2.2 node information

There’s one on the znodeSequence mark (sequential)。 If theSequence mark (sequential)Then zookeeper will use the counter to add a monotonically increasing value for znode, namely zxid. Zookeeper uses zxid to achieve strict sequential access control.

While storing data, each znode node maintains a data structure called stat, which stores all state information about the node. As follows:

In simple terms zookeeper In simple terms zookeeper

2.3 cluster role

Zookeeper cluster is a highly available cluster based on master-slave replication. Each server plays one of the following three roles.

  • Leader:It is responsible for initiating and maintaining heartbeat with follwers and observers. All write operations must be completed through the leader, and then the leader will broadcast the write operations to other servers. A zookeeper cluster will only have one actual leader at the same time.
  • Follower:It responds to the leader’s heartbeat. The follower can directly process and return the client’s read request, forward the write request to the leader for processing, and is responsible for voting the request when the leader processes the write request. A zookeeper cluster may have multiple followers at the same time.
  • Observer:The role is similar to follower, but has no voting rights.

2.4 ACL

Zookeeper uses ACL (access control lists) policy to control permissions.

Each znode is created with an ACL list to determine who can perform what action on it.

ACL relies on zookeeper’s client authentication mechanism.
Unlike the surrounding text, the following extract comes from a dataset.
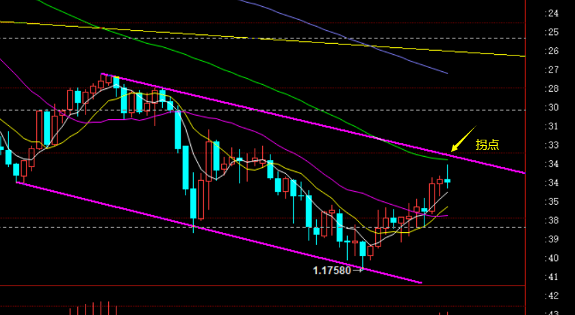 上图是英镑日线级别: 也是下降通道,只是即将测试上轨1.228处,触及可参与空试探承压如何;站上了,则会一定程度上展开进一步的反弹上攻;站不稳,则继续通道内压制为主;
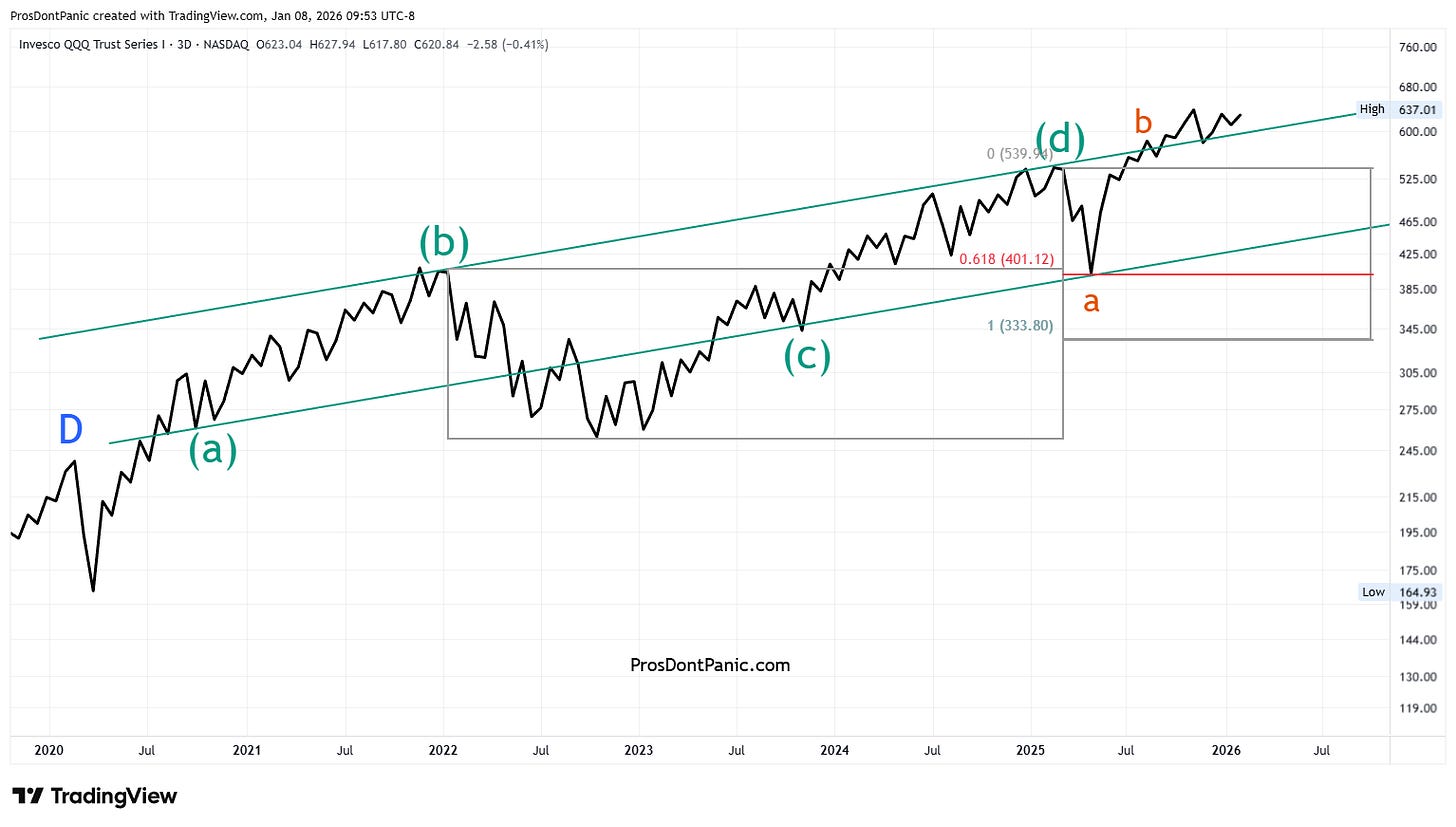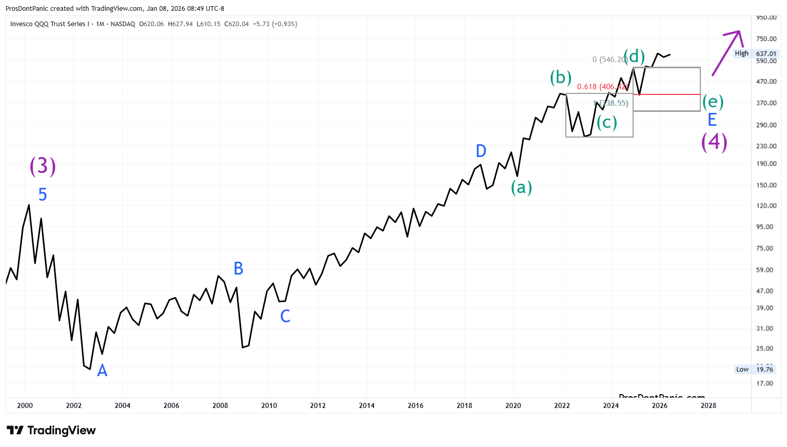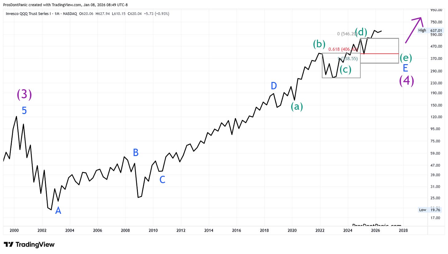 QQQ is completing a 26-year running bear market correction. We need to get through the end of Wave-(4) which is completing wave-E then the real bull market will begin.

Zookeeper provides the following authentication methods:

  • digest:User name and password to identify the client
  • sasl:Identify clients through Kerberos
  • ip:Identify clients through IP

Zookeeper defines the following five permissions:

  • CREATE:Allow the creation of child nodes;
  • READ:It is allowed to obtain data from nodes and list their children;
  • WRITE:Data setting is allowed for nodes;
  • DELETE:It is allowed to delete child nodes;
  • ADMIN:Set permissions to allow nodes.

3、 How zookeeper works

3.1 read operation

The leader / follower / observer can directly process the read request, read the data from the local memory and return it to the client.

Because there is no interaction between servers to process read requests,The more followers / observers there are, the greater the read request throughput of the whole systemThat is, the better the read performance.

In simple terms zookeeper In simple terms zookeeper

3.2 write operation

All write requests are actually handled by the leader. The leader sends the write request to all the followers in the form of transaction and waits for the ACK. Once more than half of the followers’ acks are received, the write operation is considered successful.

3.2.1 write leader

In simple terms zookeeper In simple terms zookeeper

As can be seen from the above figure, writing through leader is mainly divided into five steps:

  1. The client initiates a write request to the leader.
  2. The leader sends the write request to all followers in the form of a transactional proposal and waits for an ACK.
  3. The follower returns ack after receiving the leader’s transaction proposal.
  4. The leader gets more than half of the ACK (the leader has one ack by default) and sends a commit to all the followers and observers.
  5. The leader returns the processing results to the client.

be careful

  • The leader does not need to get the ack of the observer, that is, the observer has no voting right.
  • The leader doesn’t need to get all the acks of the follower, but only needs to receive more than half of the acks. At the same time, the leader has an ACK for itself. In the figure above, there are four followers, and only two of them need to return ACK, because $$(2 + 1) / (4 + 1) > 1 / 2 $$.
  • Although the observer has no voting rights, it still needs to synchronize the data of the leader so that it can return as new data as possible when processing the read request.

3.2.2 write follower / observerIn simple terms zookeeper

In simple terms zookeeper

The follower / observer can accept the write request, but it can’t process it directly. Instead, it needs to forward the write request to the leader for processing.

In addition to one more step of request forwarding, other processes are no different from writing leader directly.

3.3 business

Zookeeper has strict access control for each client.

In order to ensure the sequence consistency of transactions, zookeeper uses the incremental transaction ID number (zxid) to identify transactions.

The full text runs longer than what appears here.